Retrospective study of cytologic features of well-differentiated hepatocellular carcinoma in dogs.
ABSTRACT Cytologic diagnosis of hepatocellular carcinoma is possible when hepatocytes have prominent criteria of malignancy, but is problematic when hepatocytes have a relatively normal morphologic appearance.
The aim of this study was to determine the cytologic features of histologically confirmed well-differentiated hepatocellular carcinomas (WD-HCC) in dogs to develop reasonable criteria for an accurate diagnosis when obvious criteria of malignancy in hepatocytes are lacking.

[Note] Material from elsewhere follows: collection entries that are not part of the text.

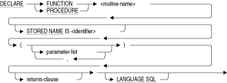 データベース定義文で使用するルーチン・インタフェースを宣言します。ルーチンはファンクションかプロシージャのいずれかです。宣言されたルーチンは、CREATE TABLE文、CREATE VIEW文およびCREATE MODULE文などのDDL文のファンクションまたはプロシージャに対するコールのテンプレートとして動作します。テンプレートによってRdbは、ルーチンに正しく名前が付けられており、正しい数のパラメータが渡されており、さらにそのパラメータに互換性のある引数が渡されていることが検証できます。ファンクションでは、返されたデータ型を使用して、COMPUTED BY、AUTOMATICおよびその他の格納された値式のデータ型を計算します。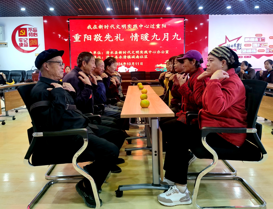 重阳节是中华民族的传统节日,为了弘扬尊老、敬老、爱老的传统美德,10月11日重阳节当天,清水县举办“我在新时代文明实践中心过重阳”活动,组织辖区内老年人一起包饺子、做游戏、聊家常,共度重阳佳节。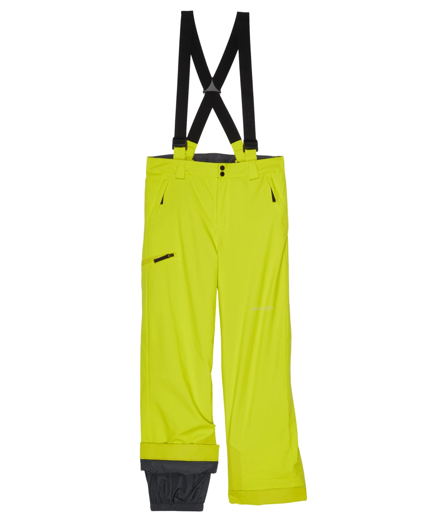 - Versatile snow pants feature detachable suspenders with adjustable slider tabs for a personalized fit. Constructed with a belt loop waistband, zip-fly and button closure, zippered hand pockets, and asymmetrical thigh pocket with a zip closure.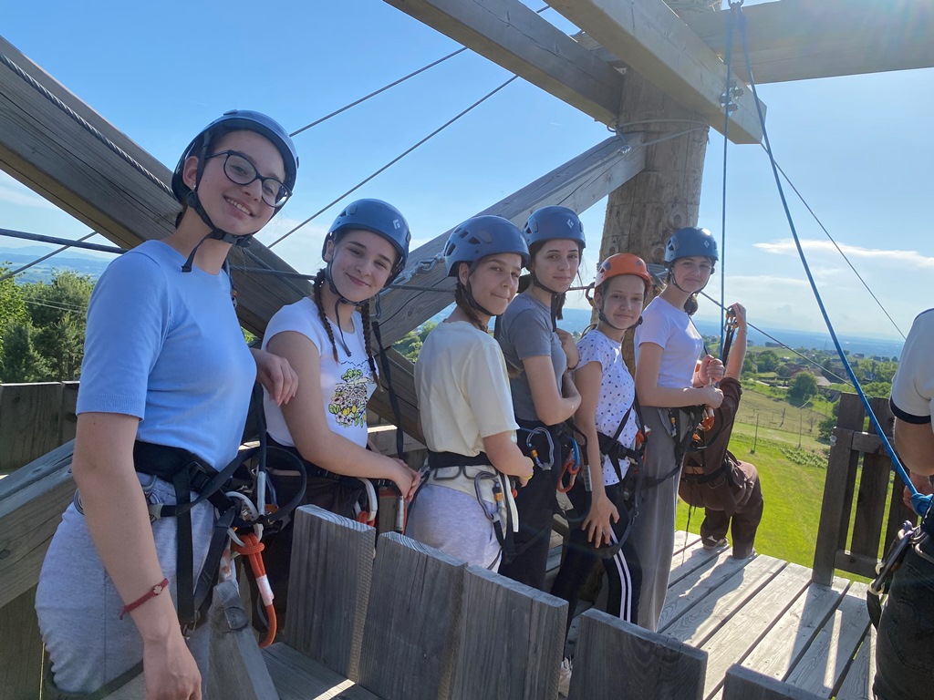 New challenges awaited us in the truest sense of the word - we visited the location of the Lookout Tower, a local tourist attraction that attracts a large number of visitors, because it offers an incredible view of all corners of the world. But our goal was something else. The folklorists were waiting for the zipline descent with mixed feelings of fear and desire for adrenaline excitement. Descending on a 580-meter-long cable, on a double zipline, took place successfully in a relaxed atmosphere, under the guidance of authorized instructors. Happy and satisfied, we headed back to Banjaluka, especially satisfied because of the successful performance and meeting with dear friends.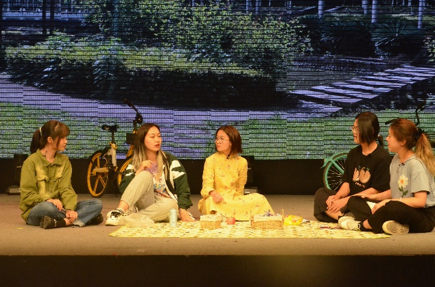 在第四篇章“春天-青春的天”中,新葡萄8883官网amg雷雨话剧社展现了春日暖阳之下,五位川大学子围坐草地上一起念诗、评诗、以诗会友的美好场景,带领现场观众一起体验卞之琳《墙头草》中的美与理趣,感受了郭沫若《天狗》中的狂与热情,回顾了新葡萄8883官网amg后勤部值班员凌丽秀与诗歌的动人故事。“黑夜的春天不怕嘲笑,光明的春天不怕雷暴。”凌丽秀的这首《有花惊动春天》中,春天的生机、坚韧与个人克服艰难、与诗为伴、读诗学诗、写诗爱诗的经历交织,人与春天浑然一体。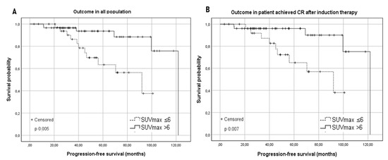 (A) Kaplan–Meier survival curves for the progression-free survival (PFS) in the studied population according to the baseline SUVmax with a cut-off of 6. (B) Kaplan–Meier survival curves for the progression-free survival (PFS) according to the baseline SUVmax in patients who achieved a complete response (CR) after induction therapy.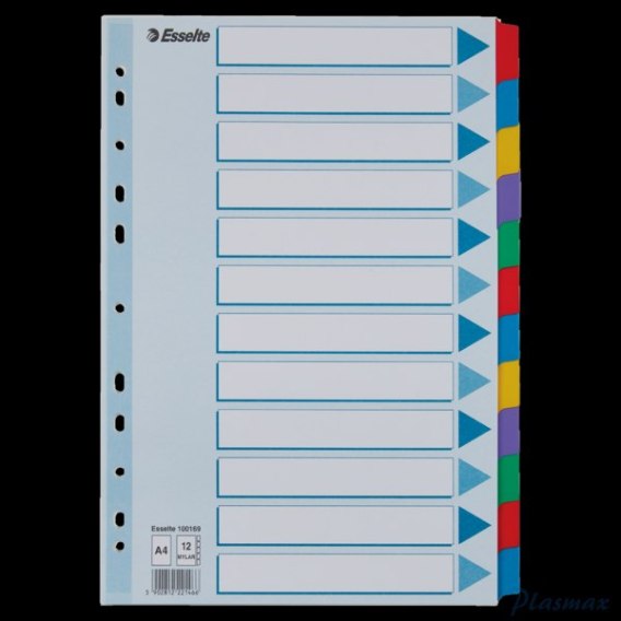 | Nazwa B2B | Przekładki, kolorowy karton, karta opisowa Mylar A4, ESSELTE, 12 kart |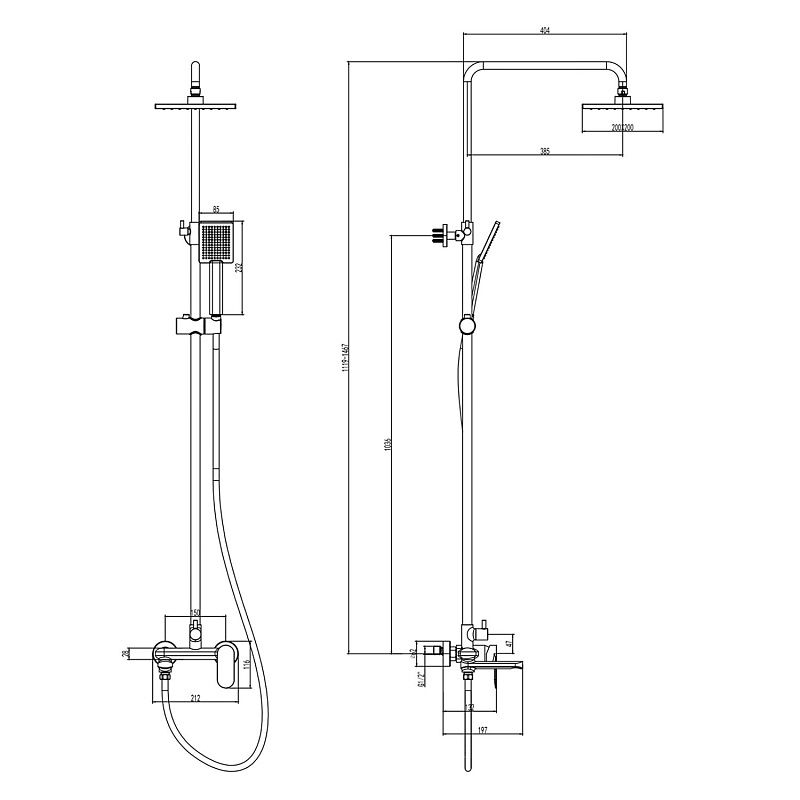 Душевая система Florida Square с квадратным тропическим душем и квадратной лейкой. Поворотный излив

Slides of ultrasound-guided fine-needle aspirates of 15 histologically confirmed WD-HCC in dogs were evaluated retrospectively using a scoring system (0-3) established for 33 cytologic features. For comparison, 15 cytologic samples of non-nodular non-neoplastic liver were evaluated using the same criteria. Statistical analysis included multiple hypothesis testing using the Benjamini-Hochberg method or false discovery rate control to correct for multiple comparisons.
The most significant and useful cytologic features in the diagnosis of canine WD-HCC were dissociation of hepatocytes, acinar or palisading arrangements of neoplastic cells, and the presence of naked nuclei and capillaries, together with mild anisocytosis, anisokaryosis, multinuclearity, and increased N:C ratios.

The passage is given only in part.